Not to be confused with the IBM-produced MS-DOS 4.
Multitasking MS-DOS 4
Version of MS-DOS
Multitasking MS-DOS 4 First Boot.png
Version4.00
Release date1986
Replaces
MS-DOS 3

Multitasking MS-DOS 4 (sometimes also referred to as European MS-DOS 4) refers to a dead-end branch of MS-DOS that included support for multitasking, which was only offered by certain European OEMs for the most part. Unlike its predecessors and even contemporary versions of Microsoft Windows, it implements proper preemptive multitasking with a time-sliced scheduler. Documents indicate many features, such as threads, were also planned but removed during development.

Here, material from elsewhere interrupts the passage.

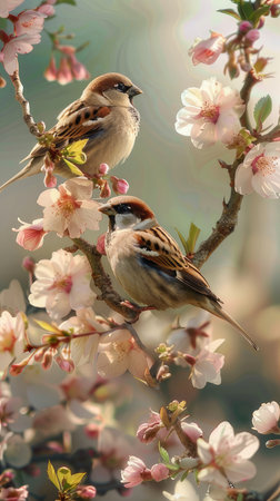 Two charming sparrows sit on a delicate branch adorned with blossoms. The soft background creates a serene and tranquil atmosphere, ideal for nature lovers.

The project was intended to be the successor to MS-DOS 3, although it does not share much amount of code with it. Most executables are New Executable (NE) files (excluding the DOS BIOS), with a large amount of the operating system being rewritten in C, including the entire Command Interpreter (COMMAND.COM) and a large percentage of the DOS BIOS. The default SHELL entry in CONFIG.SYS points to the Session Manager (SM.EXE), which is a small shell application that provides a UI for application switching. The real shell is provided as an argument to the Session Manager.

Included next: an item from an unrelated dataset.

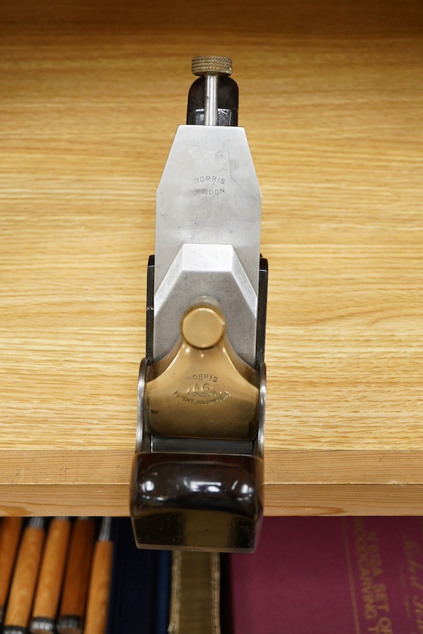 Lot 2337 , A Norris A6 adjustable smoothing plane, stamped with Norris, London to both the brass lever cap and the iron, with owner’s name lightly stamped to the infill

Most components of this version of DOS were compiled on 26 November 1985, shortly after the completion of Windows 1.0. Internally, it identifies as "internal revision 6.7" a la OS/2, although the string has been patched to not display, which indicates that this may be a pre-release that was shoved out to OEMs. Goupil released an OEM version of Multitasking MS-DOS 4.0 in May 1986, and is mostly the same as the non-OEM version. An updated version, MS-DOS 4.10, was developed for the ICL DRS Professional Workstation and is known to exist in private collections.[1][2]